Although laws differ widely from one jurisdiction to another, some generalizations are possible:

The historical legal assumption has been that the woman giving birth to a child is that child's legal mother, and the only way for another woman to be recognized as the mother is through adoption (usually requiring the birth mother's formal abandonment of parental rights).

Even in jurisdictions that do not recognize surrogacy arrangements, if the potential adoptive parents and the birth mother proceed without any intervention from the government and do not change their mind along the way, they will likely be able to achieve the effects of surrogacy by having the gestational carrier give birth and then give the child up for private adoption to the intended parents.

If the jurisdiction specifically bans surrogacy, however, and authorities find out about the arrangement, there may be financial and legal consequences for the parties involved. One jurisdiction (Quebec) prevented the genetic mother's adoption of the child even though that left the child with no legal mother.

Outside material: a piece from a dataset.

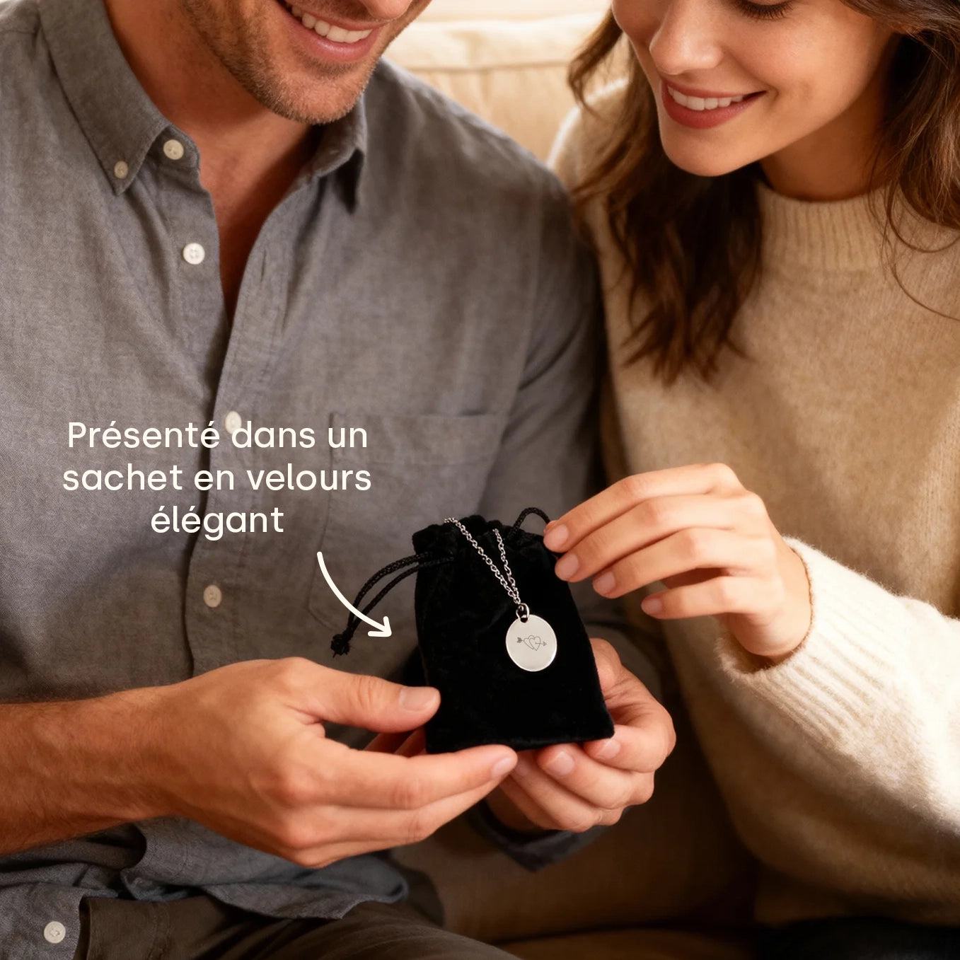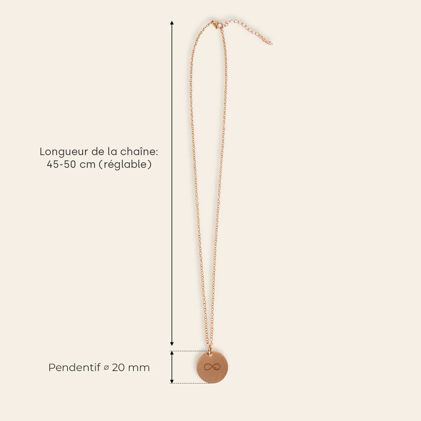 +Oui, la chaîne est réglable de 45 à 50 cm pour convenir parfaitement à chaque porteur.

Some jurisdictions specifically prohibit only commercial and not altruistic surrogacy. Even jurisdictions that do not prohibit surrogacy may rule that surrogacy contracts (commercial, altruistic, or both) are void. If the contract is either prohibited or void, then there is no recourse if one party to the agreement has a change of heart: if a surrogate changes her mind and decides to keep the child, the intended mother has no claim to the child even if it is her genetic offspring, and the couple cannot get back any money they may have paid  the surrogate; if the intended parents change their mind and do not want the child after all, the surrogate cannot get any money to make up for the expenses, or any promised payment, and she will be left with legal custody of the child.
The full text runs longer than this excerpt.